-------- LISTED ENTRIES
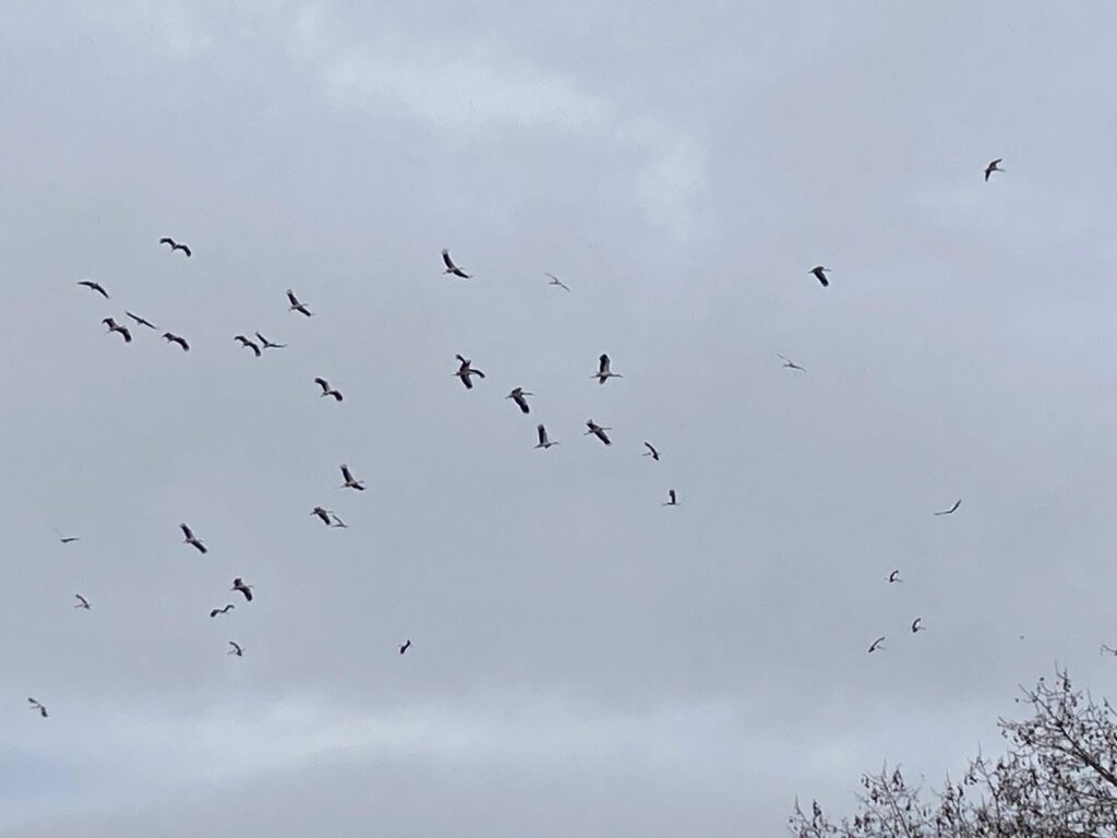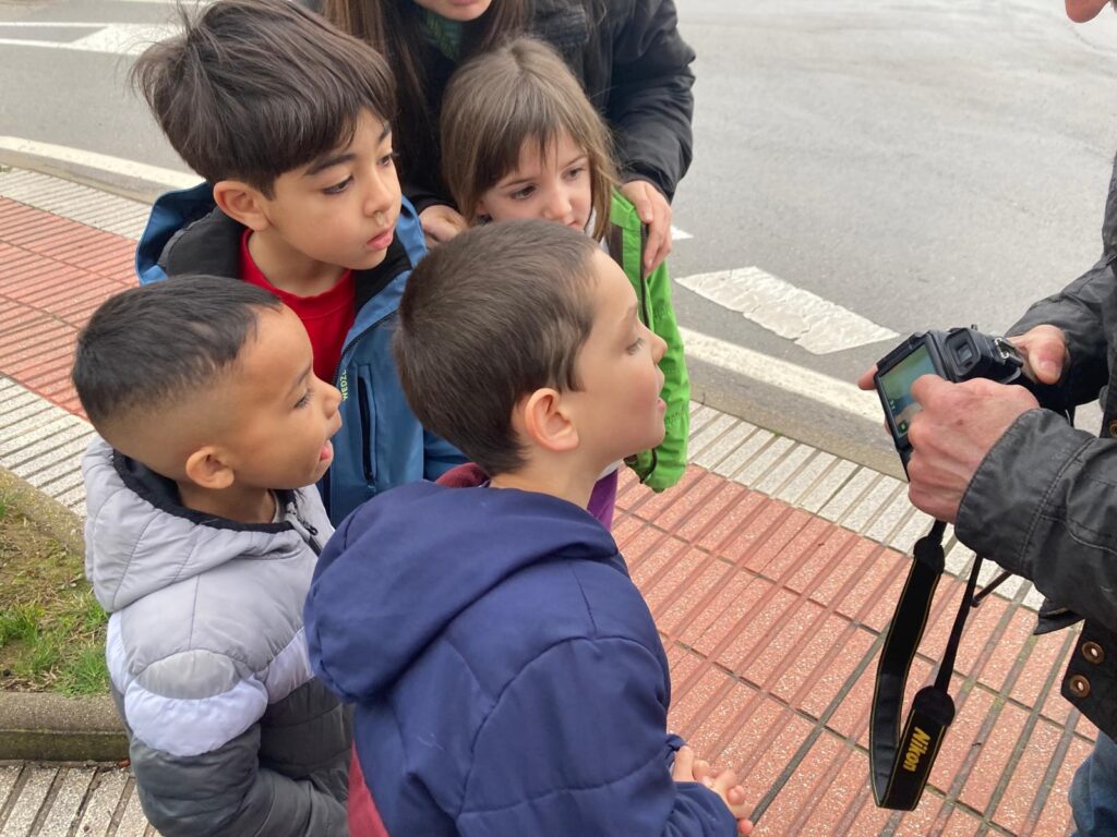 Amb gran entusiasme, els infants hem caminat fins al camp del costat de l’escola, per poder veure aquestes majestuoses aus, de plumatge blanc i negre, en el seu viatge migratori.
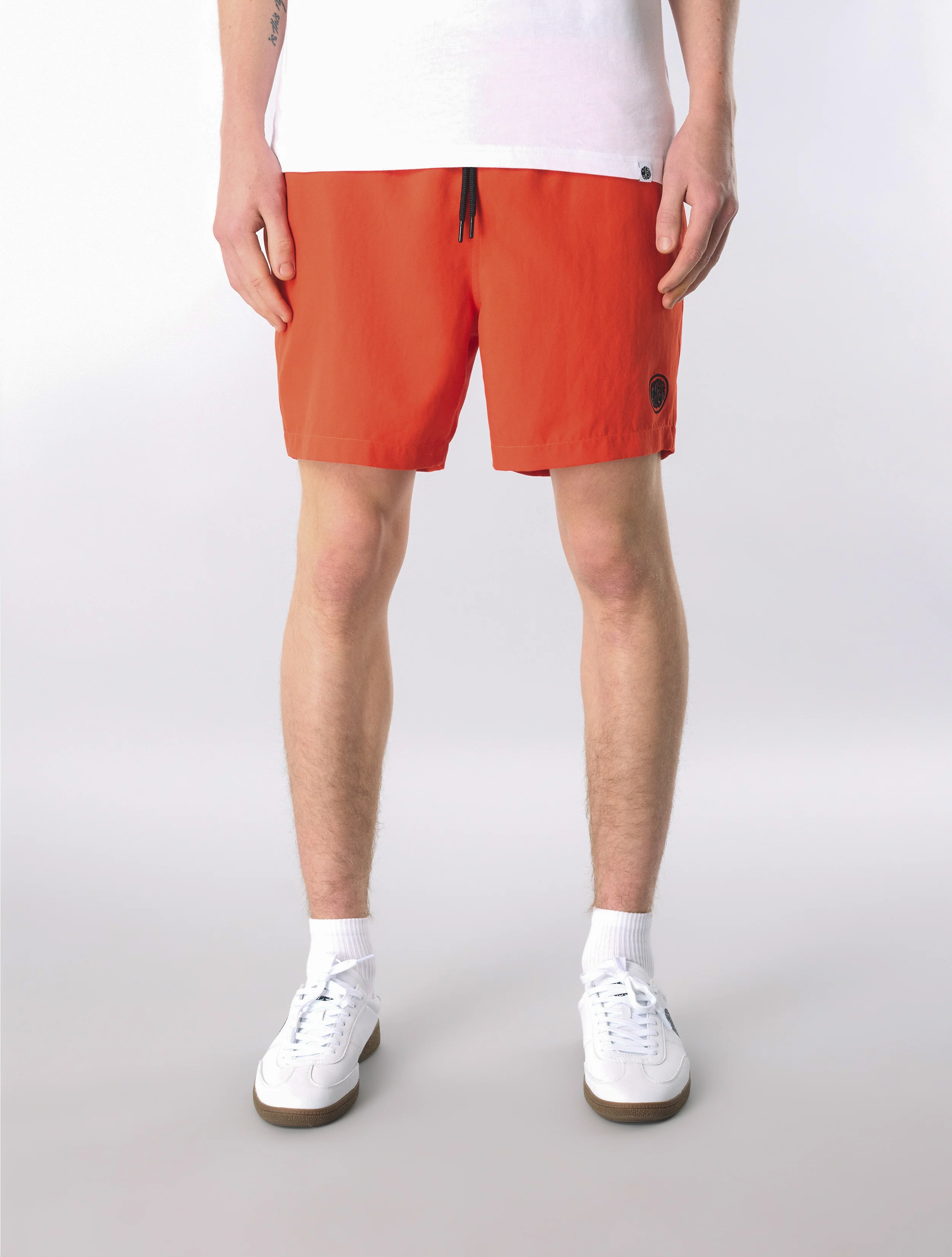 — Embroidered logo at left thigh
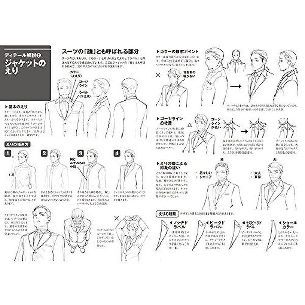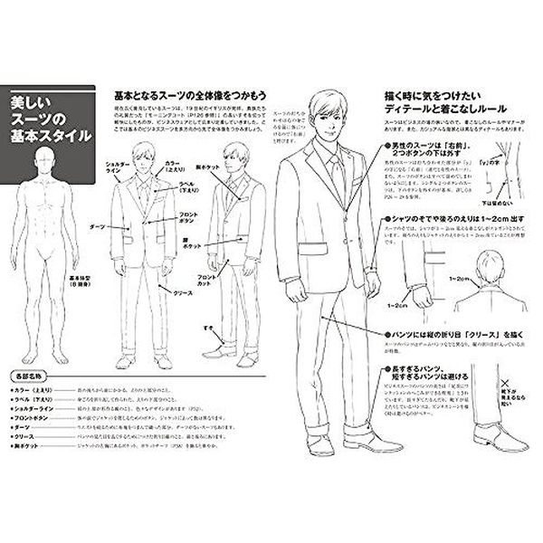 デザイン・着こなし・キャラにあわせたコーディネイトなどスーツを描くための基礎知識が満載!
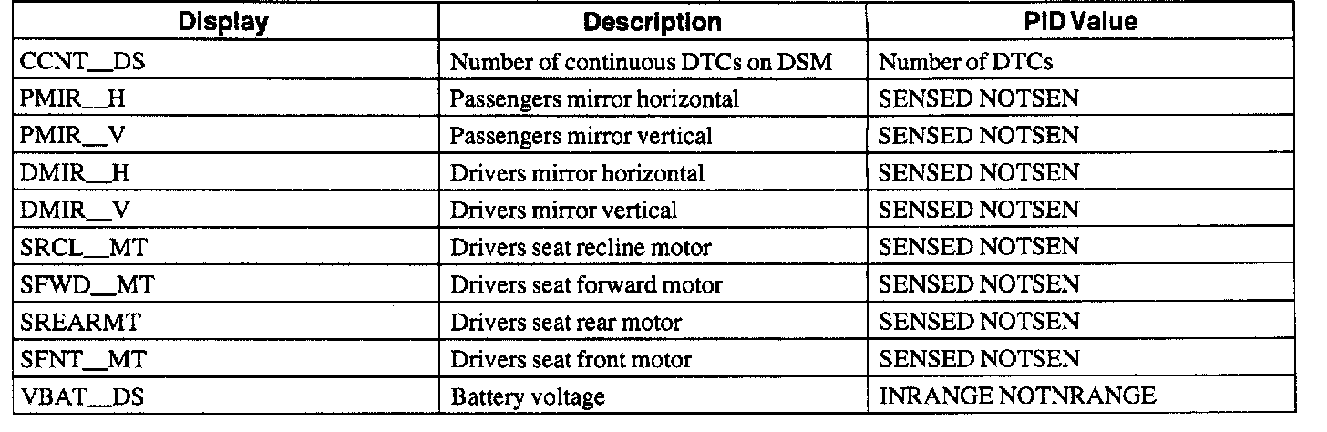 Driver Seat Module (DSM) Parameter Identification (PID) Index
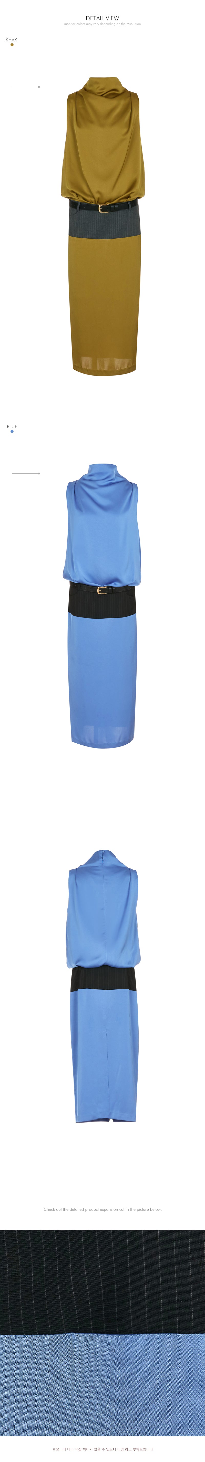 D9552 ベルト付きサテンドレス
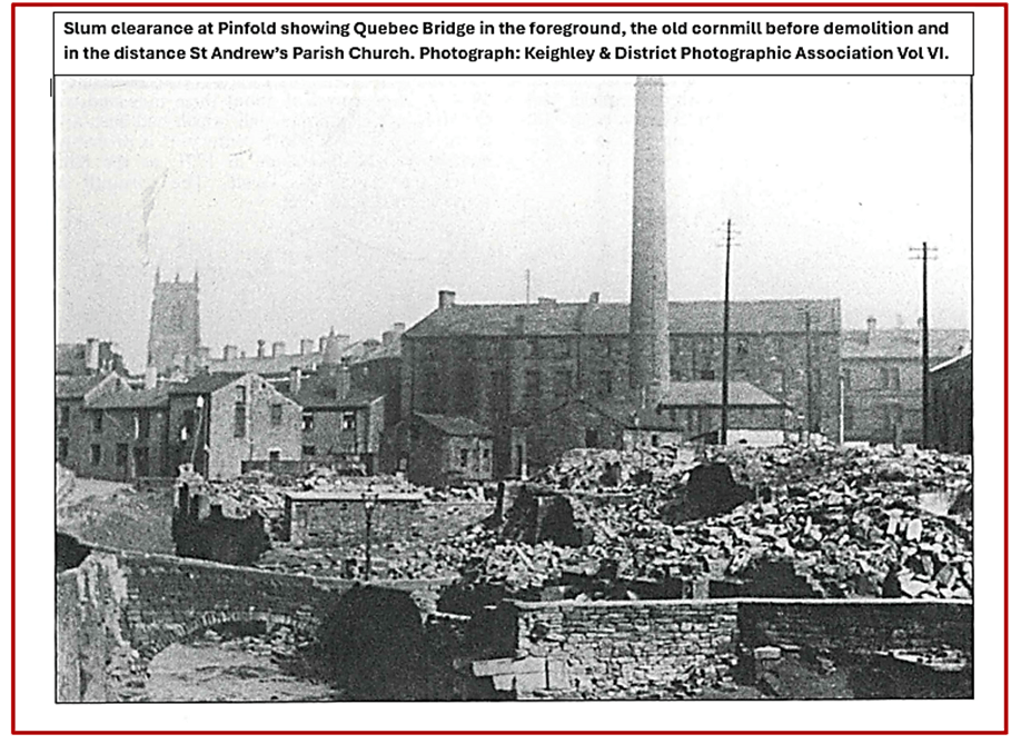 Slum clearance began in the 1930s and went through stages up to the 1970s. In Keighley, much early housing was cleared when the Housing Act of 1930 allowed for compulsory purchase of the proven inadequate housing for demolition. Jude highlighted the destruction of community in the process, however, and some members of the audience noted Parkwood in the 1960s. Not everyone wanted to leave their homes, improvement yes, not demolition and rehousing. Stories from the audience included a de-lousing procedure for inhabitants of “slum dwellings” before access to alternative housing was permitted. Dr Ian Dewhirst MBE in “A History of Keighley”, page 132, highlights the loss of “landmarks in the folk-geography of generations: the Bay Horse Inn and the Angel… the picturesque Quaker meeting-house in Mill Street; the pinfold where stray livestock had been impounded; hump-backed Quebec Bridge, scene of many a Saturday-night brawl…”
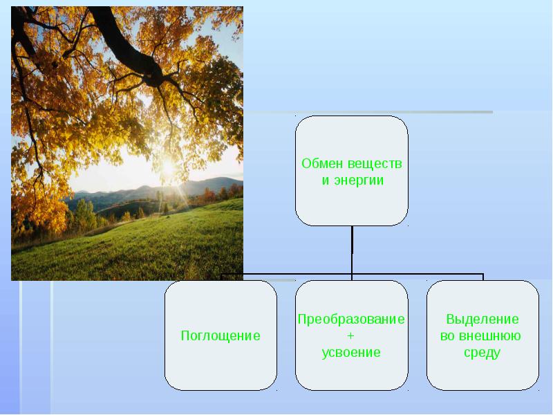 - 7. Общие свойства живых организмов Обмен веществ и энергии обеспечивает постоянную связь
----------------
- DIRECTIONS FOR THIS TASK -
This exercise calls for the records to be given again exactly, without the images.

- ANSWER SPACE -
 Amb gran entusiasme, els infants hem caminat fins al camp del costat de l’escola, per poder veure aquestes majestuoses aus, de plumatge blanc i negre, en el seu viatge migratori.
 — Embroidered logo at left thigh
 デザイン・着こなし・キャラにあわせたコーディネイトなどスーツを描くための基礎知識が満載!
 Driver Seat Module (DSM) Parameter Identification (PID) Index
 D9552 ベルト付きサテンドレス
 Slum clearance began in the 1930s and went through stages up to the 1970s. In Keighley, much early housing was cleared when the Housing Act of 1930 allowed for compulsory purchase of the proven inadequate housing for demolition. Jude highlighted the destruction of community in the process, however, and some members of the audience noted Parkwood in the 1960s. Not everyone wanted to leave their homes, improvement yes, not demolition and rehousing. Stories from the audience included a de-lousing procedure for inhabitants of “slum dwellings” before access to alternative housing was permitted. Dr Ian Dewhirst MBE in “A History of Keighley”, page 132, highlights the loss of “landmarks in the folk-geography of generations: the Bay Horse Inn and the Angel… the picturesque Quaker meeting-house in Mill Street; the pinfold where stray livestock had been impounded; hump-backed Quebec Bridge, scene of many a Saturday-night brawl…”
 - 7. Общие свойства живых организмов Обмен веществ и энергии обеспечивает постоянную связь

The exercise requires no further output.